Brief:
All records must be quoted exactly. Omit the pictures.

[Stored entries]
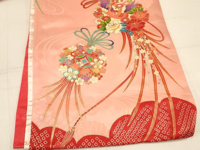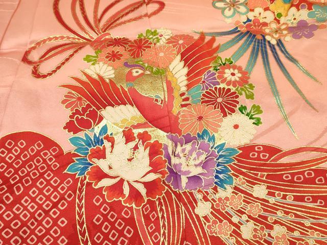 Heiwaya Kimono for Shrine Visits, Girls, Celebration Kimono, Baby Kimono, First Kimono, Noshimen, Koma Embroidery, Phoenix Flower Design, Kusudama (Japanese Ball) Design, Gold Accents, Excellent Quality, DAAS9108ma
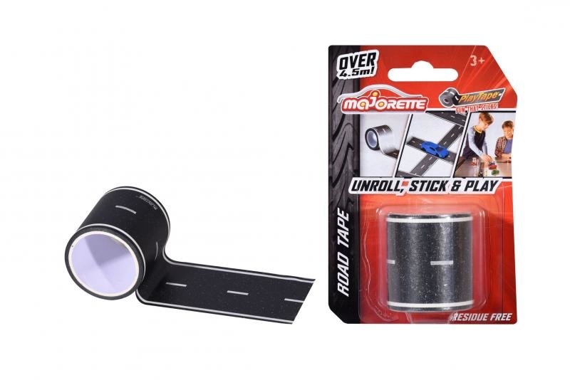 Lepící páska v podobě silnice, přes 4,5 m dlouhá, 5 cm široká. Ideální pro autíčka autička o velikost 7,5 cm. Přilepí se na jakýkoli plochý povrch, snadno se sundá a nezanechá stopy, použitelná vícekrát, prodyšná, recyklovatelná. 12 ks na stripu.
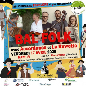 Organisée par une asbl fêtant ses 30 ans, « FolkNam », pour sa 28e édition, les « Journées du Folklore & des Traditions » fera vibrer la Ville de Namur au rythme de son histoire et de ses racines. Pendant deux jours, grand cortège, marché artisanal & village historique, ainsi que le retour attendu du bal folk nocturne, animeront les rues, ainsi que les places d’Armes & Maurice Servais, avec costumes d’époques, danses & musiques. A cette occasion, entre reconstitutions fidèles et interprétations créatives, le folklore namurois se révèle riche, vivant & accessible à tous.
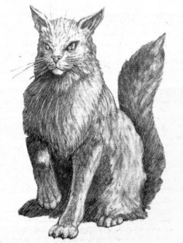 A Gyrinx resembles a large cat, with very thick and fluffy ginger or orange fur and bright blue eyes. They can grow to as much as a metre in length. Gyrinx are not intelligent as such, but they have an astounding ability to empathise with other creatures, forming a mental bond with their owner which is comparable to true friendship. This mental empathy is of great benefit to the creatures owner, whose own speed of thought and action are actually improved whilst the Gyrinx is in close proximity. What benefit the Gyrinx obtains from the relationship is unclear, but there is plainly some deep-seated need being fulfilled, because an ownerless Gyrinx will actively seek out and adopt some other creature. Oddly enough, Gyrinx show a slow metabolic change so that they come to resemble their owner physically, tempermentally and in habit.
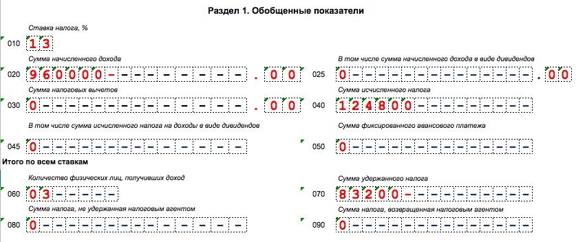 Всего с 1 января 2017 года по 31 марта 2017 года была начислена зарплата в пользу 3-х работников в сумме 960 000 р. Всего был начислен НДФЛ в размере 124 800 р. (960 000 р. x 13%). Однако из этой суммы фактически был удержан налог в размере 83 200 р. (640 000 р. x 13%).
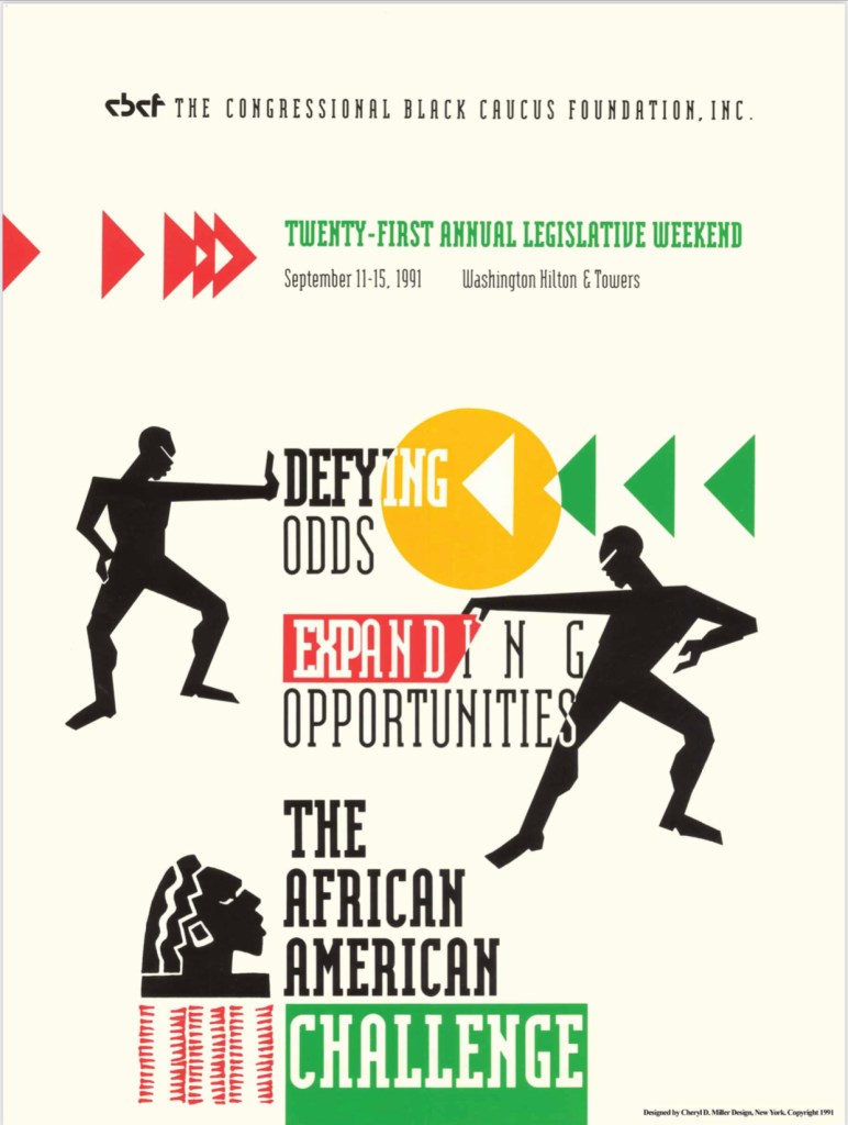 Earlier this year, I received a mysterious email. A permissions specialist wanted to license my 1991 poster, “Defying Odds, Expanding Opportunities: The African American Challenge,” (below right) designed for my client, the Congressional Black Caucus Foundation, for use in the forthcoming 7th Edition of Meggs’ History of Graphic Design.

Answer to the exercise:
 Heiwaya Kimono for Shrine Visits, Girls, Celebration Kimono, Baby Kimono, First Kimono, Noshimen, Koma Embroidery, Phoenix Flower Design, Kusudama (Japanese Ball) Design, Gold Accents, Excellent Quality, DAAS9108ma
 Lepící páska v podobě silnice, přes 4,5 m dlouhá, 5 cm široká. Ideální pro autíčka autička o velikost 7,5 cm. Přilepí se na jakýkoli plochý povrch, snadno se sundá a nezanechá stopy, použitelná vícekrát, prodyšná, recyklovatelná. 12 ks na stripu.
 Organisée par une asbl fêtant ses 30 ans, « FolkNam », pour sa 28e édition, les « Journées du Folklore & des Traditions » fera vibrer la Ville de Namur au rythme de son histoire et de ses racines. Pendant deux jours, grand cortège, marché artisanal & village historique, ainsi que le retour attendu du bal folk nocturne, animeront les rues, ainsi que les places d’Armes & Maurice Servais, avec costumes d’époques, danses & musiques. A cette occasion, entre reconstitutions fidèles et interprétations créatives, le folklore namurois se révèle riche, vivant & accessible à tous.
 A Gyrinx resembles a large cat, with very thick and fluffy ginger or orange fur and bright blue eyes. They can grow to as much as a metre in length. Gyrinx are not intelligent as such, but they have an astounding ability to empathise with other creatures, forming a mental bond with their owner which is comparable to true friendship. This mental empathy is of great benefit to the creatures owner, whose own speed of thought and action are actually improved whilst the Gyrinx is in close proximity. What benefit the Gyrinx obtains from the relationship is unclear, but there is plainly some deep-seated need being fulfilled, because an ownerless Gyrinx will actively seek out and adopt some other creature. Oddly enough, Gyrinx show a slow metabolic change so that they come to resemble their owner physically, tempermentally and in habit.
 Всего с 1 января 2017 года по 31 марта 2017 года была начислена зарплата в пользу 3-х работников в сумме 960 000 р. Всего был начислен НДФЛ в размере 124 800 р. (960 000 р. x 13%). Однако из этой суммы фактически был удержан налог в размере 83 200 р. (640 000 р. x 13%).
 Earlier this year, I received a mysterious email. A permissions specialist wanted to license my 1991 poster, “Defying Odds, Expanding Opportunities: The African American Challenge,” (below right) designed for my client, the Congressional Black Caucus Foundation, for use in the forthcoming 7th Edition of Meggs’ History of Graphic Design.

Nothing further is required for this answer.